The court found that there was no material risk to which Mrs A should have been alerted. The risk of a chromosomal abnormality underlying her baby’s poor growth was a ‘…theoretical, negligible or background risk of no more than about 1:1000, to which a reasonable person in Mrs A’s position would not have attached significance. Mrs A’s ‘position’ was based on her evidence that she would not have attached significance to the ‘background risk’ of Down’s syndrome, calculated in her case at 1:1700. She made it clear to the court that she did not consider that magnitude a real risk.

The court found that even if she had been warned of chromosomal abnormality she would have ruled out amniocentesis (the next stage in diagnosis) because of the associated much higher risk of precipitating preterm delivery, and its attendant complications. Montgomery requires the doctor to consider whether the particular patient would be likely to attach significance to a foreseeable risk.
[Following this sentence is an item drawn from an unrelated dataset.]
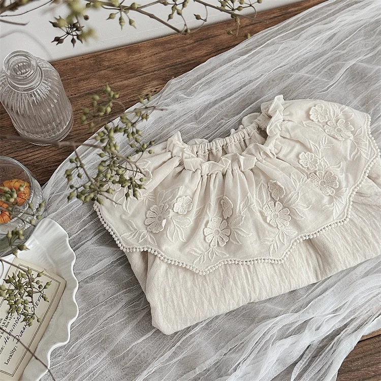 【73-100cm】 フリル フラワー襟 シャツ

The facts and characteristics of Mrs A’s case provide an explanation as to why the court had to conclude that she regarded a risk of 0.1% as insignificant, thus fatally undermining her own claim.

But this case is not an authority for the proposition that a risk of 0.1% cannot be considered as material - in other words, as significant to the patient who has to make a decision concerning treatment. Many procedures, for instance those involving the spinal cord, involve risks that rarely crystallise into physical harm. But the possibility that a neurological injury could occur, however unlikely that might be, may well persuade a patient to resist the temptation to consent to treatment.

When considering elective procedures, particularly one where the option of no treatment at all remains realistic, rare risks could therefore be regarded as material. This plainly has consequences for clinical practice. Perhaps the time has come for speciality associations to consider the evidence for what constitutes a ‘risk’ associated with the performance of their repertoire of interventions. Those procedures conferring negligible tangible clinical benefit could be addressed first, since it is these in which rare adverse outcomes will exert the greatest persuasion to avoid treatment altogether. But quite how a long list of potential rare risks can realistically be communicated to the patient in front of you requires further consideration.